I am not sure how the next segue occurred. That may have been because I had trouble understanding her accent, but it's equally possible that there *was* no segue. She pointed out my wedding ring and asked if I knew that all husbands cheat.

I said I knew that lots of people cheated on their spouses and checked my watch. Nope. Couldn't get to the hotel that early, even if I *was* volunteering.

She next explained that she was an OB, and asked me if I had children, because once you have kids, you're not "tight" any more, and men lose interest. So if I had kids in the future, I should be sure to have them by c-section.

Ummm. I stopped checking my watch. We had entered "truth is stranger than fiction" territory and I was completely enthralled.

At this point, she launched into a long description of a technique she'd learned from her mother, which prevented her husband from cheating. According to her, anyone who *didn't* use this technique was doomed to have a husband slept around.

Unfortunately(??), I couldn't quite understand the method. It had something to do with cleaning certain areas very thoroughly, then using a coca-cola rinse. This would in some way (positively? negatively?) affect the man so as to stop him from cheating.

Of course, if I had understood, I might have lost my breakfast all over the floor, but I'd be able to make a mint selling the guaranteed cheatin'-spouse-cure.

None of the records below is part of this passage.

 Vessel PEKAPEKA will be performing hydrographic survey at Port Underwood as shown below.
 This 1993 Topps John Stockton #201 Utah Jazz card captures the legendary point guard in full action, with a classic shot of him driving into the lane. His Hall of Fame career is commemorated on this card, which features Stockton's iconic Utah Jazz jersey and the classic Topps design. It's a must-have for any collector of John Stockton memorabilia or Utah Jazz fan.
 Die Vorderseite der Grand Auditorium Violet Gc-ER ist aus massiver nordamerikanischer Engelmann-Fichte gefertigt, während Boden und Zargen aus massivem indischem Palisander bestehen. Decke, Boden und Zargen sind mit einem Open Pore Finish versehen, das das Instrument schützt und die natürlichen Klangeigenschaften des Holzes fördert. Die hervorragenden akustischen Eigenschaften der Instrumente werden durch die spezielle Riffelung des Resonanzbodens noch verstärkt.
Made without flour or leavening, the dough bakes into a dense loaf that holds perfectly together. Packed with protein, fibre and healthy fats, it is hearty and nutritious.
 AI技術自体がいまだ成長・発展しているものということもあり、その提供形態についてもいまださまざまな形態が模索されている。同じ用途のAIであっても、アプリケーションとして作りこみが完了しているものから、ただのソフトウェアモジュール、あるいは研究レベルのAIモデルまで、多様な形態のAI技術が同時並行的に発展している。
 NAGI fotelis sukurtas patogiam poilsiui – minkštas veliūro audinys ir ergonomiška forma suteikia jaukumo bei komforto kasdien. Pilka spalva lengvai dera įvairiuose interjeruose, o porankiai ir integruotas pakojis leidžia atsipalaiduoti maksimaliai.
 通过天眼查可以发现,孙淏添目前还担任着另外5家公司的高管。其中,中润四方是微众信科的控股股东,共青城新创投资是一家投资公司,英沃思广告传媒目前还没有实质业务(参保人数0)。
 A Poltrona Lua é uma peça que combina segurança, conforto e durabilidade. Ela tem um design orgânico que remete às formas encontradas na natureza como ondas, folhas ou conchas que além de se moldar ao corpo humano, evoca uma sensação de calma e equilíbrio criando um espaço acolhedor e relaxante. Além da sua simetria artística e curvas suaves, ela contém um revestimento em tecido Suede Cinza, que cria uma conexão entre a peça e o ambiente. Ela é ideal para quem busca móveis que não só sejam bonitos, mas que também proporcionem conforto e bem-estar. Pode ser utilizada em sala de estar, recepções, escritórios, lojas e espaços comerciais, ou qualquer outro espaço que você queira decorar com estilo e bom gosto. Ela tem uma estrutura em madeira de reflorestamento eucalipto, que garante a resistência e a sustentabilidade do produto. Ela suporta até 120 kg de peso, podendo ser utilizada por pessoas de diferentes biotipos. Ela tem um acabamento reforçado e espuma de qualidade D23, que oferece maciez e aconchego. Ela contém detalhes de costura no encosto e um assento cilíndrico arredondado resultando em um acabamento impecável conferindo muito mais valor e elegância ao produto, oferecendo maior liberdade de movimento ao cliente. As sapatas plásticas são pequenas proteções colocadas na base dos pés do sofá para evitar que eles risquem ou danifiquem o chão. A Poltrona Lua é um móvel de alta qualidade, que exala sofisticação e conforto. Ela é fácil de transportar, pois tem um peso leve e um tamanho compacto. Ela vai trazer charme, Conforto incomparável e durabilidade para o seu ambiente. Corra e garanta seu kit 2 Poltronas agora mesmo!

At 9:51 AM, May 08, 2007, Blogger Gracesmom48 said...

I obviously need to shop somewhere else. Melissa

At 11:02 AM, May 08, 2007, Anonymous Anonymous said...

Who says running errands is boring? Ha. Me? I'd probably shop in another grocery store. LOL.

I'm still without a computer, the new one is on it's way. I feel really disconnected from the world. Hmm. I checked my emails this morning & I got another request for a partial. yay!!

I'm moving along with my synopsis. It's coming together nicely. My dogs have a pen out in the back to play in & they had two friends over on Sunday. LOL. Too funny - their social life is better than mine.

Have a great day,

At 7:54 PM, May 09, 2007, Blogger Karen MacInerney said...


Oh, my GOD.

And here I was feeling mildly uncomfortable about being serenaded in a parking lot.

All I can say is: Too much information. :)

And another potential windfall lost to the vagaries of inadequate translation...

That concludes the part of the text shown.